Abraham Lincoln was covertly supported for president by a band of Southern extremist, pro-slavery politicians called the “Fire Eaters” who wanted to trigger the secession of Southern states. According to Egerton, the Civil War came about not when the Southern states seceded but when the Northern states tried to stop them.
It was small provocations, verbal insults, race baiting, taunts, conspiracies, yellow journalism and other gestures that led up to the Civil War. Such may be the case of a Civil War metaphor today in California, which may be misinterpreted to mean that without an approved state budget there will be “war.”
Which raises the question: Is Jerry Brown issuing a warning or is he granting tacit approval for a civil war? To repeat, civil war is not inevitable. It is something that comes about typically when leaders, and small groups of elites, together with the press, are able to indirectly communicate that violence is a permissible option and may not even be punished.
No less a role is played by the press. As Egerton writes in his book, “Democratic [Party] newspapers angrily placed the failure of conciliation squarely on Lincoln’s party and the President-elect.”
Coincidentally, it was a person name Brown, abolitionist John Brown, who helped incite the Civil War by leading a raid on the Harper’s Ferry arms depot in 1859 in the hope of arming slaves for a slave rebellion. John Brown believed his cause was legitimate, but failed because the slaves refused to follow him and arm themselves for an uprising.
Not that there couldn’t be urban riots fomented by elites in California today, but I find that Gov. Brown’s use of Civil War rhetoric to be dangerous unless he qualifies that any such actions would be severely punished and that his role is as a reconciler.

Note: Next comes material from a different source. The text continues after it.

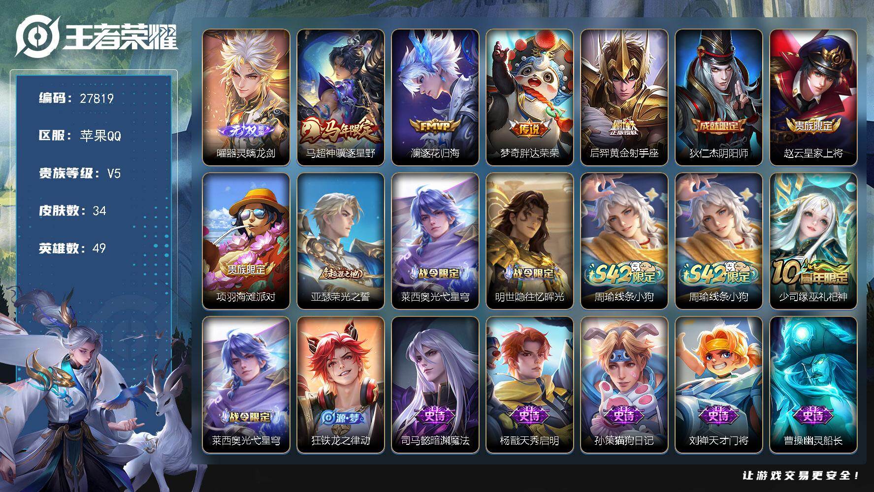 PX_2537887-可换绑,【精品小号·无双曜·马限马超·】2按键,2王者印记,五级铭文20,无二次苹果Q-V5-34皮肤-1无双-4传说-14史诗【无双皮肤】:曜器灵螭龙剑【传说皮肤】:马超神骥逐星野,澜逐花归海,梦奇胖达荣荣,后羿黄金射手座【限定皮肤】:狄仁杰阴阳师,赵云皇家上将,项羽海滩派对【赛季限定】:亚瑟荣光之誓【战令限定】:莱西奥光弋星穹,明世隐往忆晖光,周瑜线条小狗【史诗皮肤】:周瑜线条小狗,少司缘巫礼祀神,莱西奥光弋星穹,狂铁龙之律动,司马懿暗渊魔法,杨戬天秀启明,孙策猫狗日记,刘禅天才门将,曹操幽灵船长,墨子金属风暴,妲己魅力维加斯,孙尚香水果甜心,王昭君偶像歌手,赵云未来纪元,赵云皇家上将【其他皮肤】:蚩奼极光幻客,曹操逐霄之志,明世隐往忆晖光,亚瑟荣光之誓,狄仁杰阴阳师,甄姬花好人间,亚瑟死亡骑士,白起白色死神,赵云忍炎影,韩信街头霸王,项羽海滩派对,马超幸存者,曜归虚梦演,兰陵王隐刃

What would be best for California right now would be for its leaders to tone down and out the rhetoric of war, to quit scapegoating Republicans and to declare that in November 2010 the people voted for an end to the “tax and spend” regime. That’s what elections are for: to replace violent dissension and war. Thus, the “civil war” over the state budget was already held in November 2010. That war is over and the Democrats lost, despite gaining every statewide political office on the ballot, and a majority of the seats the gerrymandered Legislature.
Martin L. Gross wrote that “government loses its claim to legitimacy when it fails to fulfill its obligations.” Which means today:
* It is time for Gov. Brown and the legislature to carry out the expressed will of the people about “no more taxes.”

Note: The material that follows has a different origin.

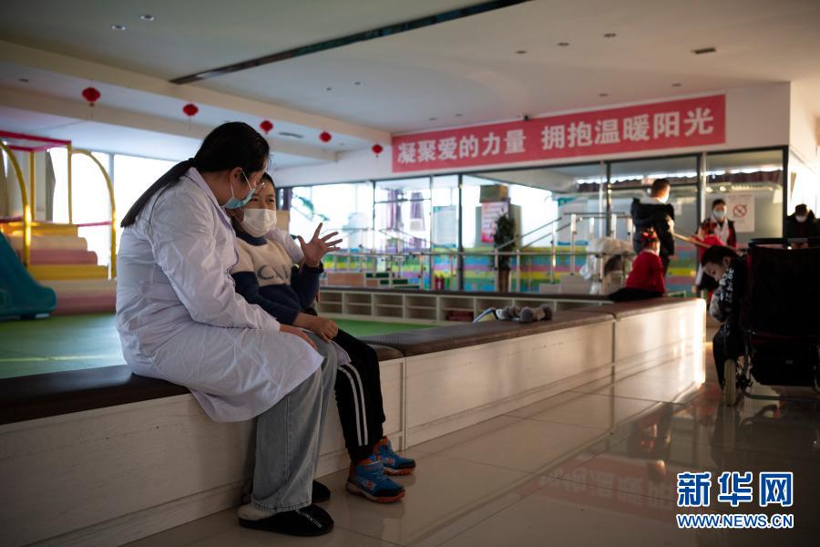 在哈爾濱博能中醫(yī)門(mén)診部,劉雨晴(左)和腦癱兒童交談(2月2日攝)。

* It is time for the press to quit spinning that the voters want taxes raised.
* It is time for moral leaders to not sanction civil strife.
* It is time to exert the rule of democratic law and not descend into the anarchy of Greece fomented by Leftist groups.

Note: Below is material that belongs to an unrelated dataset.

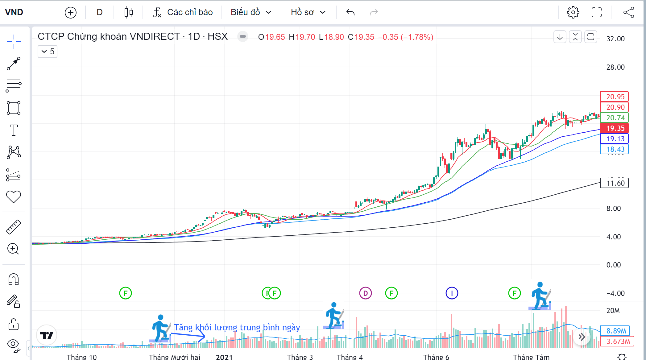 Nhưng khi bạn thấy Khối lượng trung bình hàng ngày tăng lên, đây là dấu hiệu của sự quan tâm và tham gia của tổ chức đối với một cổ phiếu bắt đầu tăng dần lên có thể là do họ đã thay đổi góc nhìn cũng như định giá lại cổ phiếu, từ đó dẫn tới những bước chuyển mình tiếp theo trong hành động giá.

* It is time for the state government to regain legitimacy if we are going to have an economic recovery.
With Gov. Brown’s unfortunate statement about the plausibility of civil war has given such a war a kind of legitimacy, I asked a prosecutor friend of mine to comment on Jerry Brown’s use of Civil War rhetoric. My friend replied:
Jerry Brown is nothing more than California’s Obama. He ran as if he knew the answers, and was ready to make the tough decisions. In truth, he had no answers except the wrong ones (more taxes), and has no intention of making any tough decisions unless someone puts a figurative gun to his head or a recall election on the ballot. The Republicans have called his bluff, and now he’s in a pickle.
This new “civil war” rhetoric is like the last gasp of a drowning man. Brown thinks he can scare people into embracing a totally bankrupt remedy that may provide a few more breaths of air, but has no chance of solving the state’s problems.
I don’t think anyone’s buying his budget proposal for one minute. He wants to do everything but get realistic about how to solve this mess. That would take real leadership and real guts. Neither is his strong suit.